/bubble-breaker

An Insight Data Engineering Project

Primary LanguagePython

Bubble Breaker

Break filter bubbles by gaining diverse perspectives on global news

This project is completed as part of the Insight Data Engineering program (New York, Summer 2019). Visit big-data-compute.com to see the interactive webpage.

Introduction

Social tribalism is a problem in this age of social media. The first step towards breaking the "filter bubble" is by recognizing the existence of the bubble, and that there is not a single view but a spectrum of views of things. To help break the bubble, this project provides users with a frontend to query selected popular new topics, and access the sentiments surrounding this topic from a variety of news source. This grants users awareness of the full spectrum of views, and brings the time evolution of such sentiments to the user for a deeper understanding and potential future studies.

Project Structure

.
├── README.md
├── data
│   ├── list-of-tax-2018.csv
│   ├── list-of-top-src-2018.csv
│   ├── list-of-top-themes-2015to9-1000.csv
│   └── list-of-top-themes-2015to9-500.csv
├── db
│   ├── bubblebreaker.sql
│   └── bubblebreaker_src.sql
├── images
│   ├── bubble-breaker-pipeline.png
│   ├── tone-distribution.png
│   └── tone-evolution.png
├── run.sh
└── src
    └── spark
        ├── compute-analytics-top-cleaned-themes-daily-with-src.py
        ├── db_properties.ini
        ├── db_properties_src.ini
        ├── functions.py
        ├── get-src-list.py
        ├── get-taxonomy-list.py
        ├── get-top-themes.py
        ├── legacy
        │   ├── compute-analytics-top-cleaned-themes.py
        │   └── compute-avg-tone-per-theme.py
        ├── run-generate-list.sh
        ├── run-generate-tax.sh
        └── run.sh

Data

The Global Database of Events, Language, and Tone (GDELT) dataset gathers news reports from all over the globe, and identifies the people, locations, organizations, themes, sources, emotions, counts, quotes, images and events involved. The dataset amounts to ~1.3TB per year, and is updated every 15 minute. The sentiment scores, or "tones", in this project are obtained entirely from GDELT's sentiment analyses on new texts.

Data Pipeline

TimescaleDB

Since the news data is naturally timestamped, it makes sense to query the data in a time-oriented fashion. I chose TimescaleDB to store batch-processed data because it provides time-partitioning for faster data ingestion and query, as well as time-oriented features. Since TimescaleDB is built as an extension on top of PostgreSQL, it also comes with the familiar SQL language and supports. TimescaleDB is also open-source and free.
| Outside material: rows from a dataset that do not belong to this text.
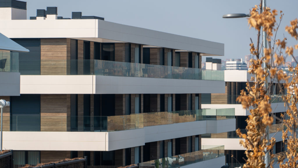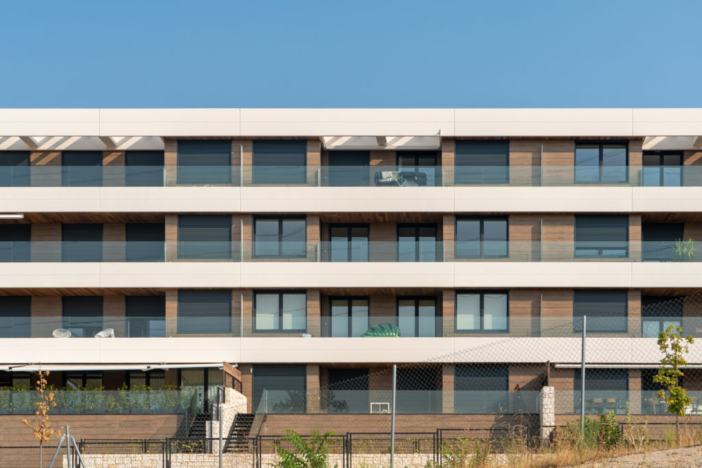 La versatilidad de nuestros sistemas de fachada permitió materializar este concepto mediante un acabado blanco continuo, que potencia la luminosidad y aporta coherencia al conjunto. Los paneles PHA resuelven los cerramientos principales y los petos de las terrazas, conformando una piel uniforme que garantiza eficiencia energética, durabilidad y una estética atemporal.
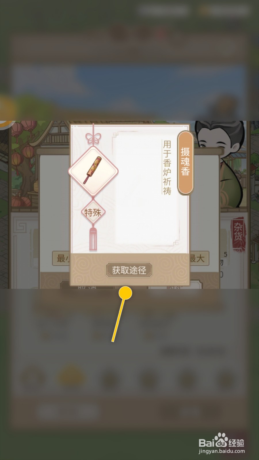 在“摄魂香”杂货详情中,选择“获取途径”选项。
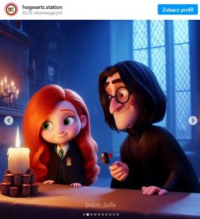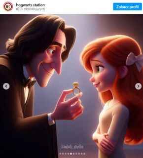 Dzięki pomysłowi internauty znanego na Instagramie pod nazwą @baobab707, fani wątku Snape'a i Lily mogą przekonać się, jak mógłby wyglądać ich związek. Internauta poprosił sztuczną inteligencję, aby stworzyła 10 ilustracji z udziałem bohaterów w stylu animacji Pixara. Kilka z nich przedstawiają również, jak Snape zareagowałby na odejście Lily do Jamesa.
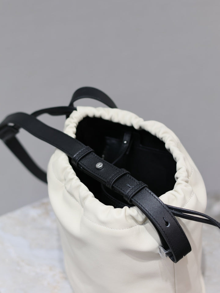 RIVE GAUCHE BUCKET BAG 23 IN WHITE CALFSKIN
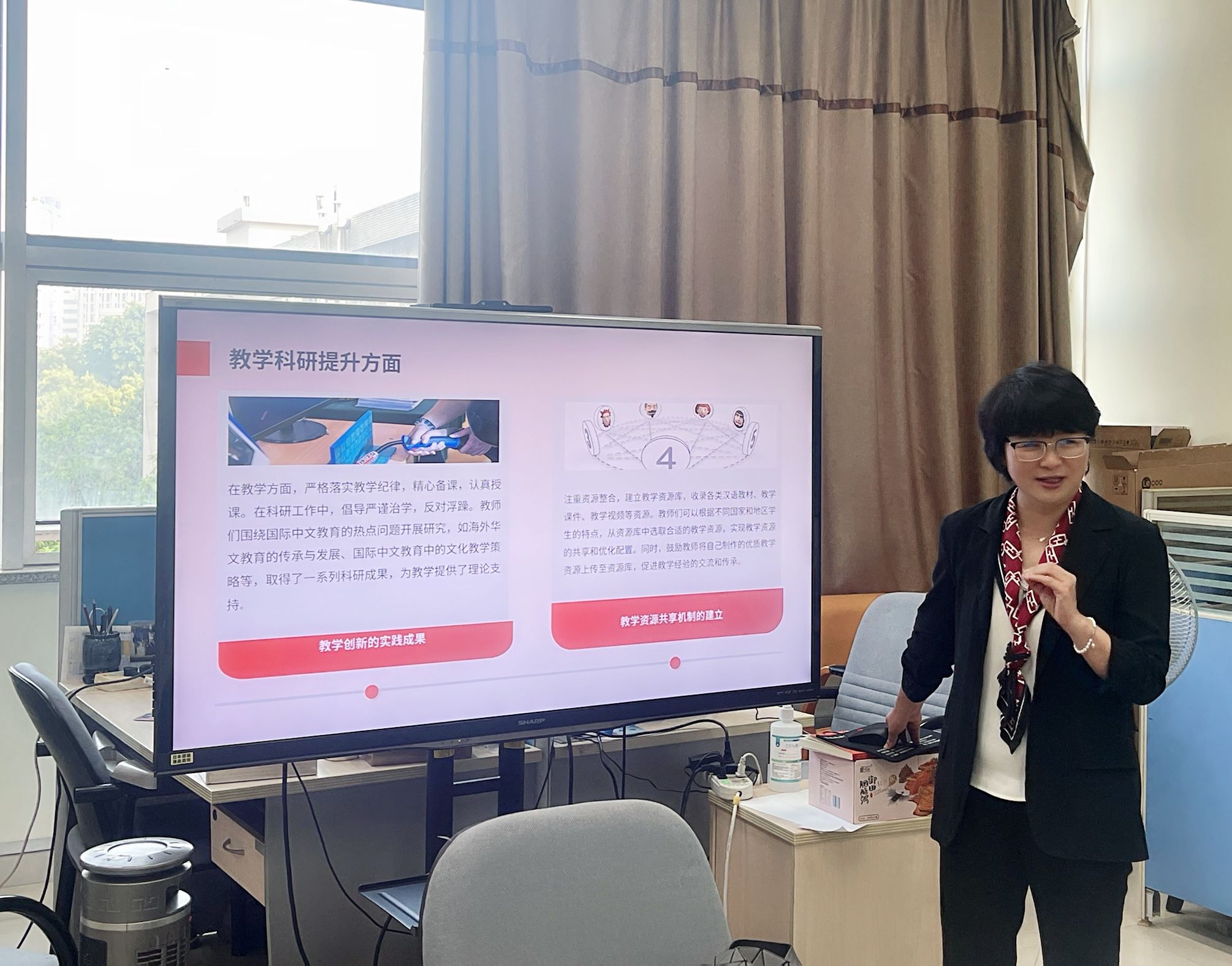 李小辉从学习关于加强党的作风建设重要论述的收获感悟出发,围绕国际中文教育发展、国际人才培养、教师成长等方面,强调了党的作风建设的重要性。她从教学科研提升和日常工作优化两个方面梳理了贯彻落实中央八项规定精神的成效经验,指出违反中央八项规定及其实施细则精神的危害,提出了持续深化纠治“四风”问题、推动改进工作作风的实际举措。
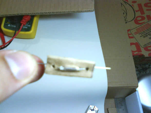 El interruptor de láminas se pegan en un pequeño trozo de cartón, los bordes con pegamento caliente a manejar porque es muy frágil.
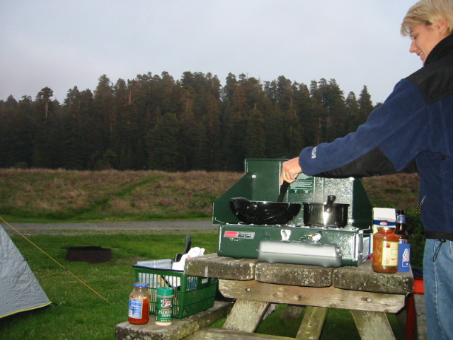 We stopped for the night at a campsite called "Elk Prairie". True enough, it was right next to a prairie on which elk like to graze. However, we never saw any elk there so it was less of an "elk prairie" and more of a "prairie". But as the campsite was hardly crowded, we were quite happy with it. It was going to be another cold night, so we'd stopped at a store earlier today and purchased two fleece liners for the sleeping bags. I'm sure they're going to come in quite handy when the wind kicks up tonight.
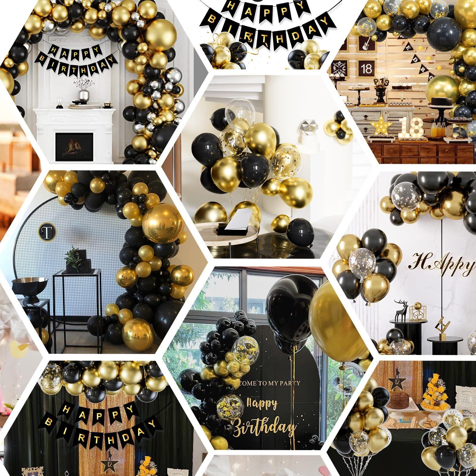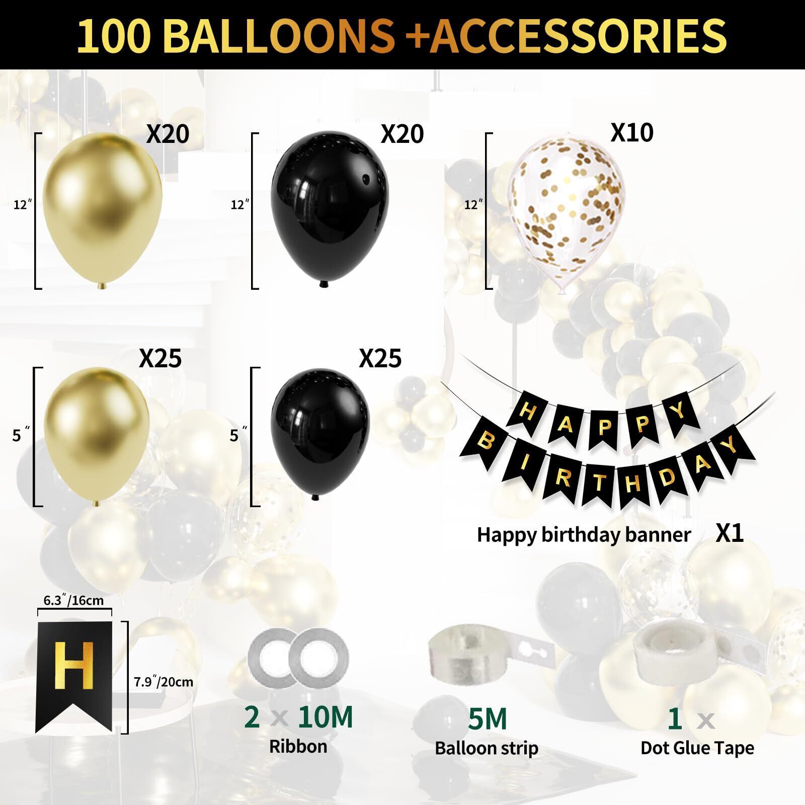 パッケージに含まれるもの:100pcs風船(黒、金、金紙吹雪)、1pcs事前にひもで縛られた大きな幸せな誕生日のバナー、1 *ドットのり、1 *バルーンストリップ、2 *リボンを含む。

To set up a TimescaleDB database, follow the instructions on https://www.timescale.com. The schema files used can be found in db. For bubble-breaker, you can create two tables on a machine where PostgreSQL is installed by (assuming the username of PostgreSQL is 'postgres')

sudo psql -U postgres -d bubblebreaker -a -f bubblebreaker.sql

sudo psql -U postgres -d bubblebreaker -a -f bubblebreaker_src.sql

Job Preparation

Theme Cleaning

New themes in GDELT are encoded in a specific taxonomy. A complete record of this taxonomy has yet to be found by me. For example, the theme 'CLIMATE_CHANGE' is encoded as

WB_567_CLIMATE_CHANGE

The taxonomy words do not help a human reader reading the theme, generally speaking. To clean the taxonomy words that appear as prefixes, one needs to first determine the list of taxononmy words. I do this by performing a word counr of the first two words in a theme split by '_', as the prefixes always appear within the first two words of the encoded theme. The reverse is not true. That is, the first two words in an encoded theme are not always taxonomy words. After the word count, if the count of a word is equal to or above a preset threshold, it is considered a taxonomy word and added to a list recording all known taxonomy words. Currently the default list is generated with 2018 data in a batch job. The threshold is set at 10.

Once such taxonomy list is constructed, it is used in the cleaning of the themes.

Most frequent themes and news sources

To limit the query list to a reasonable length, I picked the most frequent (cleaned) themes and news sources. They are the top 500 themes using 2015-2019, and top 100 news sources using 2018 data.

Running Bubble-Breaker

The event data is extracted from S3 datasource and cleaned according to the prescription above. The data is transformed to perform calculation of tone score analytics and loaded to TimescaleDB. The Grafana web layer servers the analytics to display the database contents.

Starting Batch Job

To run bubble-breaker using the default/existing taxonomy, theme, news source lists, do

./run.sh --existing

To run while regenerating the above lists, do

./run.sh --new

Grafana

To start a Grafana server, download Grafana from https://grafana.com/, and follow instructions to set up the server. To link to the TimescaleDB database, access Grafana server dashboard and follow Grafana instruction to link to the database (choose PostgreSQL), and use the query editor to create data visualization panels.